When the new mayor, Janet Nettles, arrived in Crystal Cove, he felt that he should be the new mayor, and acted cold towards her, only to end up falling in love with her and beginning a steady relationship with her. In the restored world he and Janet are married with four children named Eastwood, Norris, Billy Jack, and Lynda Carter.

Sheriff Bronson Stone is voiced by Patrick Warburton.
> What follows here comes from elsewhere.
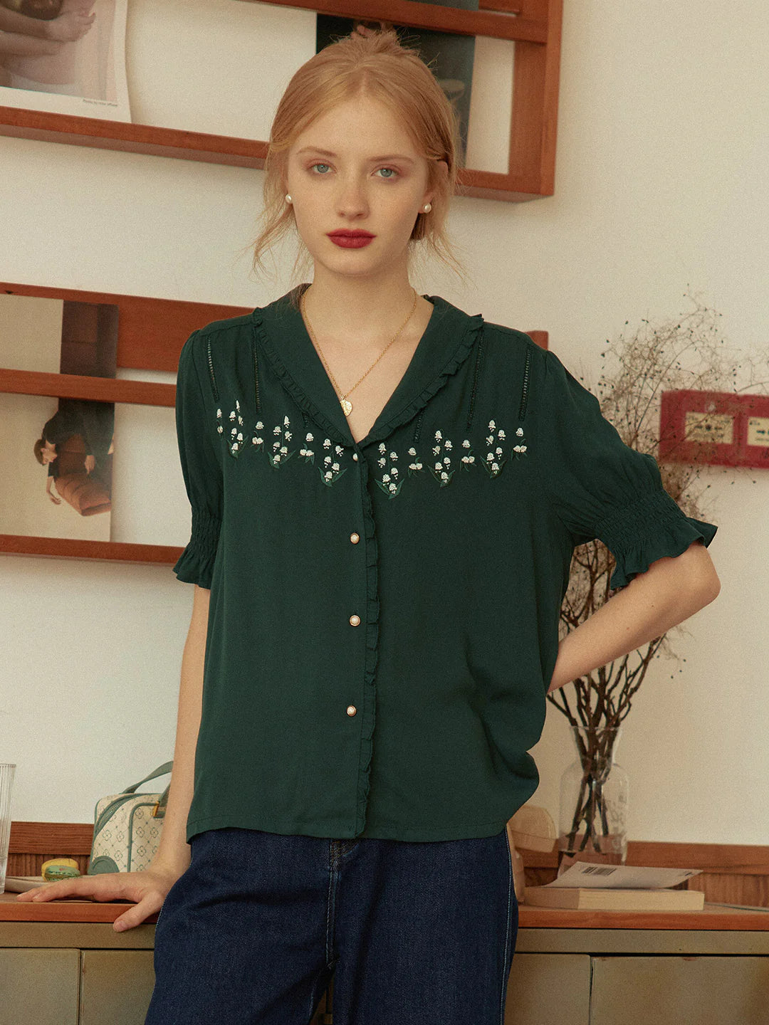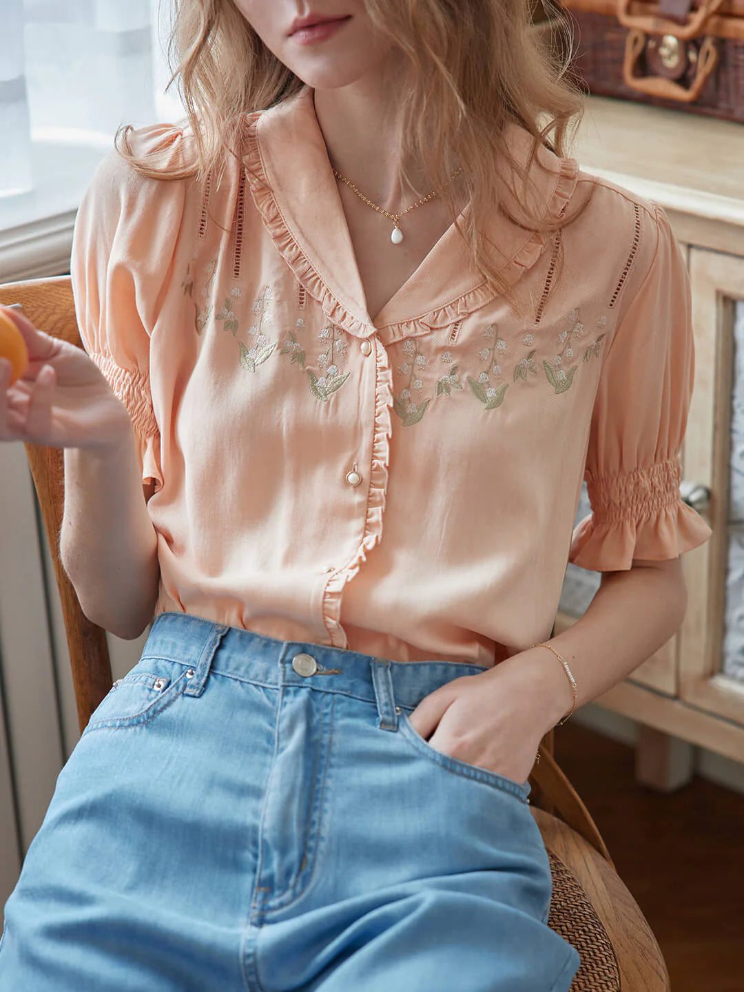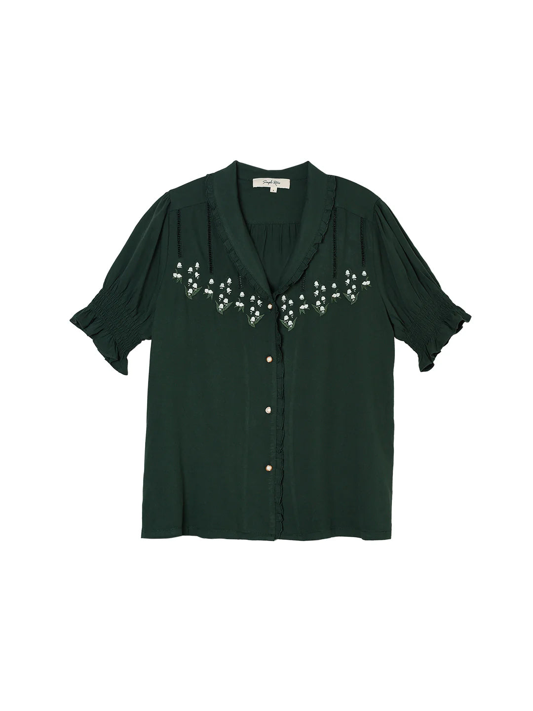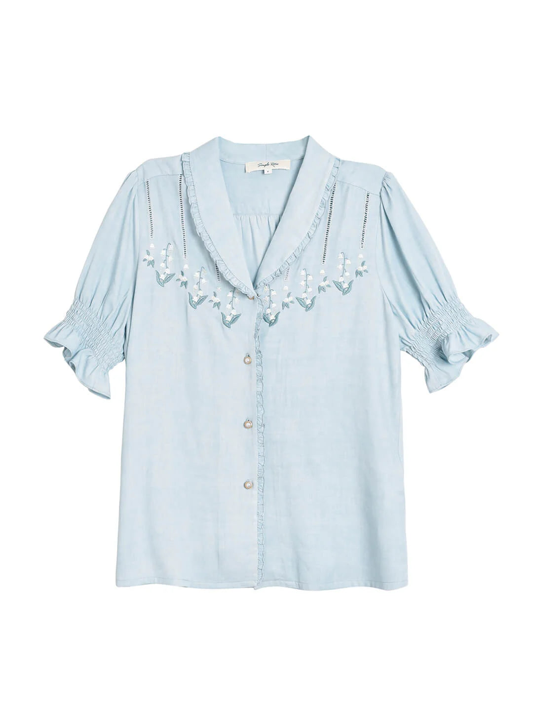 | Detail | Ruffled Shawl Collar , Lily of the Valley Embroideries, Puff Sleeves, Elastic Cuffs |

Hot Dog Water (Marcie Fleach)
Hot Dog Water, real name Marcie Fleach, is an inhabitant of Crystal Cove and a recurring character in Scooby-Doo! Mystery Incorporated. She is first introduced in the episode "Where Walks Aphrodite" as a cameo and later has a voice cameo in the episode "The Dragon's Secret", and would make her full-fledged episode debut in "Menace of the Manticore", serving as the titular villain. She would later return in the episode "The House of the Nightmare Witch", out on parole and working with Velma and Mr. E. to find the third piece of the Planispheric Disc. She joins Mystery Incorporated as Daphne's temporary replacement in the same episode, only to leave in "Web of the Dreamweaver" following Daphne's return in the preceding episode, though Velma wanted her to stay. She subsequently made a cameo appearance in "The Hodag of Horror", and as the costumed villain in "The Night on Haunted Mountain". She makes another cameo in "Wrath of the Krampus".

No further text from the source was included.